* **Exercise objective**
Beginning at the line that contains "Ensammen ä ja", output each line exactly through the end of the records, and drop any pictures.

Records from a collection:
____________________

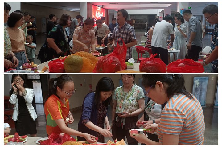 活动中,老师们凭着丰富的想象力和创造力,加上细致巧妙的切割拼合,一阵阵欢声笑语之后,一盘盘形态各异的水果拼盘就新鲜出炉了。心灵手巧的老师们精心搭配各种各样的水果,种类风格不同的水果互相配合,于一盘之上呈现,色彩绚烂,滋味清甜。看着这些作品,大家都竖起了大拇指,不得不说,这样的活动真是创意满满。之后老师们纷纷表示,要增强团结意识,更要把参与活动的这种激情与热情带到教学中去,为学生营造和谐、积极向上的学习氛围。
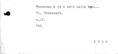 //// ] //// Ensammen ä ja i mett lelle hys... //// j //// VI. Töcksmark. //// s.13. //// 720. //// I F G H //// ___:---- ----^ ////
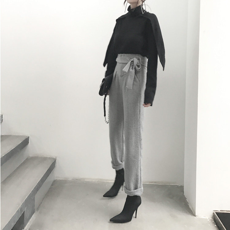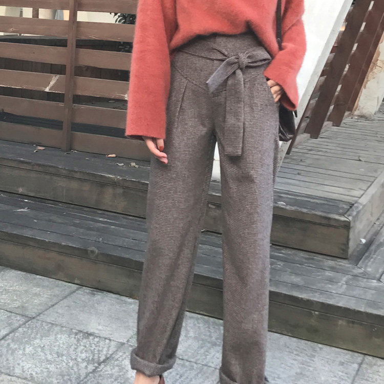 (LAMOBO exclusive) retro high waist belt herringbone textured straight cylinder curl wool, Western pants
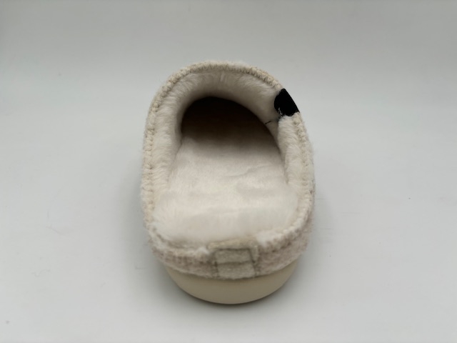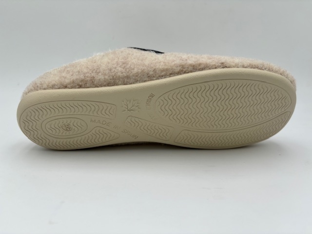 Pantouffles. Dessus textile. Doublure textile. Première textile. Semelle élastomère. Se lave et se fait sécher à l'ombre.
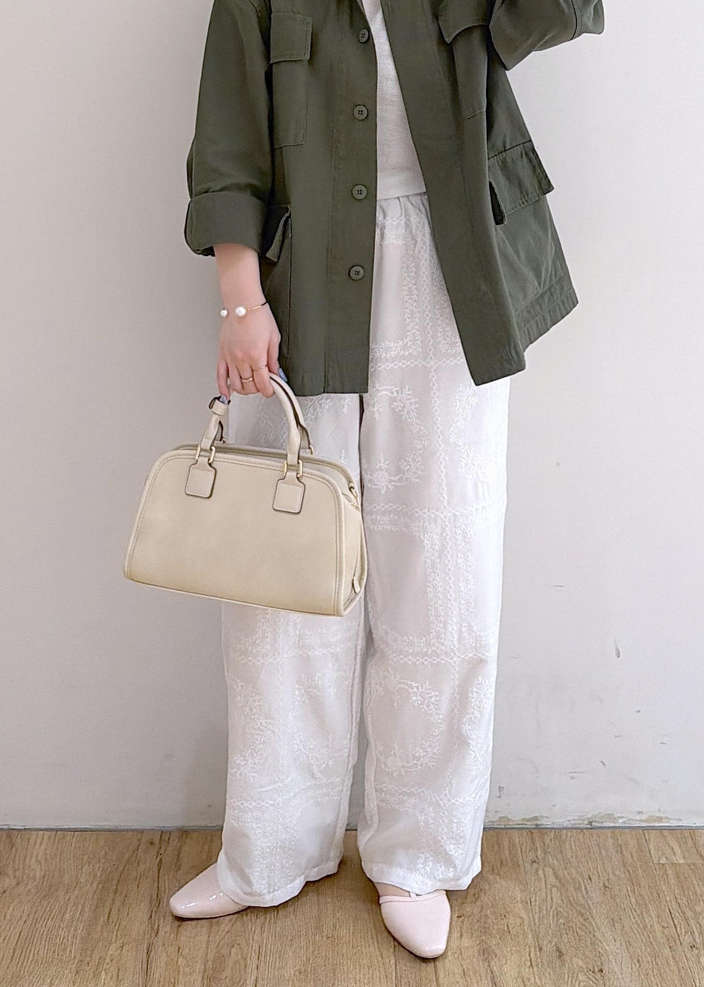 刺繍パンツを合わせた今年っぽいスタイリングです♡
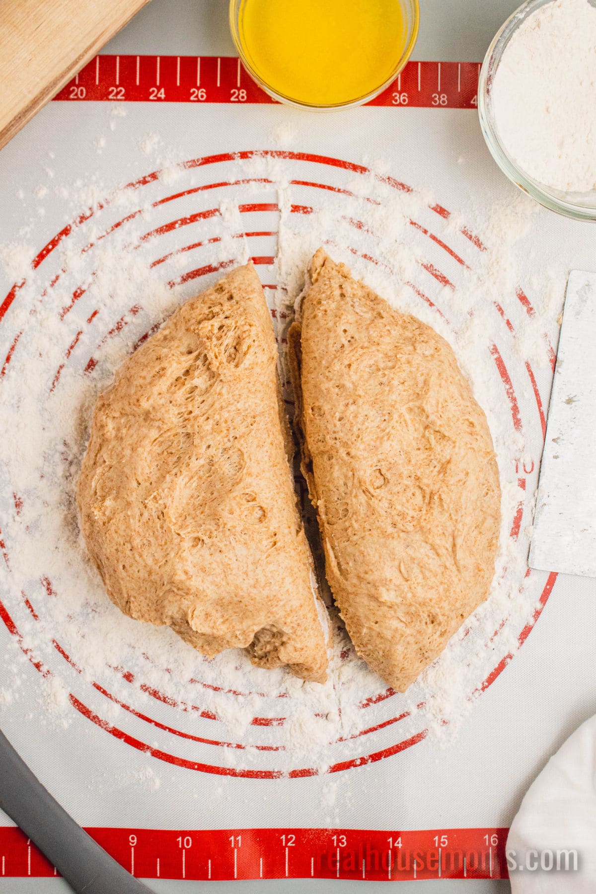 STEP THREE: Grease two baking sheets and set them aside. Punch out the dough to release the air and divide the dough into two halves.

____________________

* **Problem solution**
 //// ] //// Ensammen ä ja i mett lelle hys... //// j //// VI. Töcksmark. //// s.13. //// 720. //// I F G H //// ___:---- ----^ ////
 (LAMOBO exclusive) retro high waist belt herringbone textured straight cylinder curl wool, Western pants
 Pantouffles. Dessus textile. Doublure textile. Première textile. Semelle élastomère. Se lave et se fait sécher à l'ombre.
 刺繍パンツを合わせた今年っぽいスタイリングです♡
 STEP THREE: Grease two baking sheets and set them aside. Punch out the dough to release the air and divide the dough into two halves.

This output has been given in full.